ChIP-seq (ChIP-sequencing) combines chromatin immunoprecipitation (ChIP) with massively parallel DNA sequencing to identify and quantify in vivo protein-DNA interactions on a genome-wide scale. Sequencing ChIP-enrichment DNA fragments enables scientists to analyze the interaction patterns of any protein of interest such as transcription factors (TF) with DNA [1-2], or the patterns of any epigenetic chromatins [3-4], across the whole genome quickly and cost effectively. Using our Illumina sequencing platform, Arraystar offers an integrated ChIP-Seq service from library construction to comprehensive data analysis. Based on our ChIP-sequencing service, the noteworthy results have recently been published in the prestigious scientific journal, Cell.

Genome-wide peak or binding site detection with around 10 million uniquely aligned reads

Our ChIP-seq generates around 10 million uniquely aligned reads per ChIP-DNA sample. In order to identify the protein binding sites from ChIP-seq data, we use Model-based Analysis of ChIP-Seq (MACS) to predict the protein-DNA interaction sites. This is useful for ChIP-seq peak detection without the use of controls. MACS provides detailed information for each peak, such as genome coordinates, p-value and summits (peak center). The discrete regions of 150 bp around each ChIP-seq peak are defined as protein binding sites.

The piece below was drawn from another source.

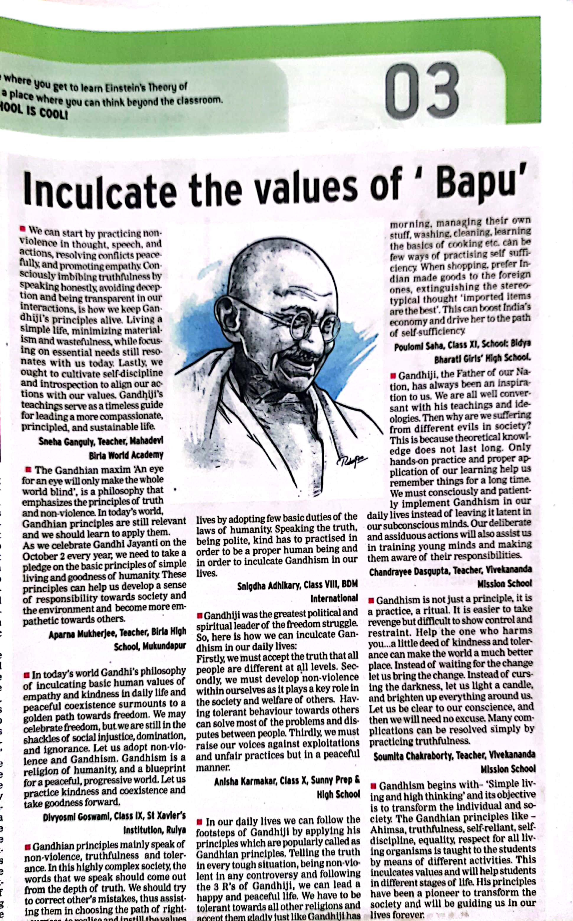 Mrs Aparna Mukherjee, one of the Teachers from Birla High School - Mukundapur has shared her view on Gandhism

Annotation and distribution of protein binding sites in relation to gene annotation

By mapping the binding sites in relation to Refseq genes, we can provide the annotation and distribution of TF binding sites across five different categories of genomic elements including the promoter, exon, intron, upstream and intergenic regions. TF binding profiles around TSS (Transcription Start Sites) are also provided.

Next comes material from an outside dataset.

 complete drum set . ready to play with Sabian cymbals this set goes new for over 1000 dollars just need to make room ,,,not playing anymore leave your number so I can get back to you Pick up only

ChIP-peak distribution: Left: ChIP-peak distribution across five different genomic regions. The definition of each genomic region is described below. Core promoters are within -2kb to 2kb from the TSS. Upstream is from 2 to 20 kb from the TSS, and intergenic is a region not included as a promoter, upstream, intron or exon. Right: Shows the distribution of TF binding profiles within -10kb to 10 kb from the TSS (Inset shows a close up of a 1kb region centered on the TSS)

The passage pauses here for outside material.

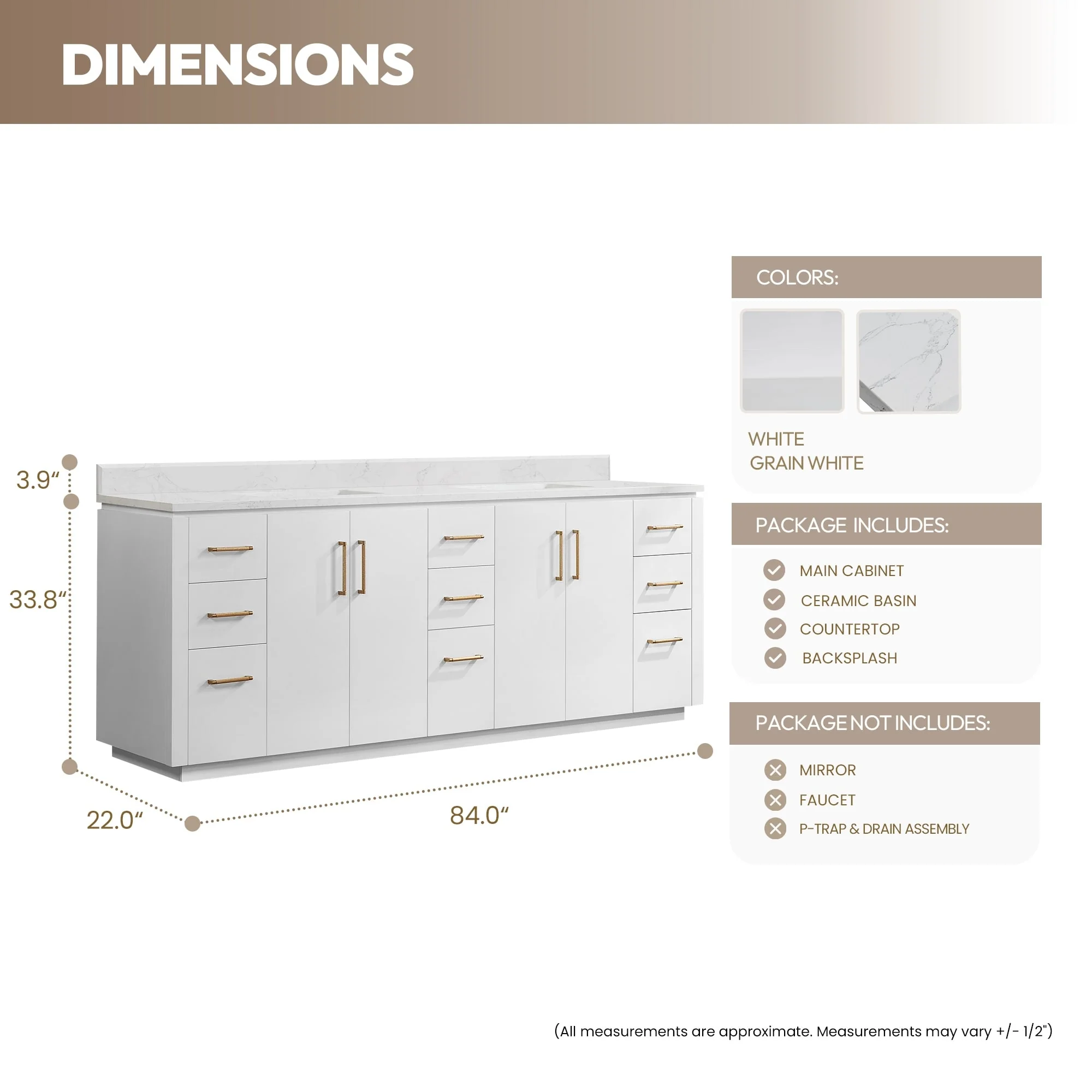 84 in. - White - No Mirror

Putative TF target detection and their functional analysis

In order to investigate the function of TF suggested by its genome-wide binding site profile, we first identify target genes that have binding sites on their promoters (-2kb to 2kb from the TSSs). We then analyze the functional categories of these TF putative target genes by using GO enrichment analysis or pathway analysis.


Motif analysis of TF binding sites

In order to discover TF motifs, we perform a de novo motif search using the discovery rank of the imbalanced motifs (DRIM). We first classify TF binding sites into three different groups (strong, moderate and weak) based on their binding strength. Next, we extract the top 500 sites from each group and then perform DRIM on each set separately. This analysis is not included in the standard analysis package, and may involve additional charges.


Examples of DRIM identified novel motif. ChIP-sequencing is able to identify the TFBS (transcription factor binding site) motif patterns based upon the sequencing data. The motif logo above shows the typical results for a binding motif. The nucleotides are sorted by their frequencies from top to bottom, and the height of each nucleotide is proportional to its frequency. The top nucleotide is the most enriched at these positions.

High-Resolution visualization of binding profiles within regions of interest

Using UCSC genome browser, one can visualize our ChIP-seq data together with gene structure, conservation score, histone modification and other transcription factor binding signals.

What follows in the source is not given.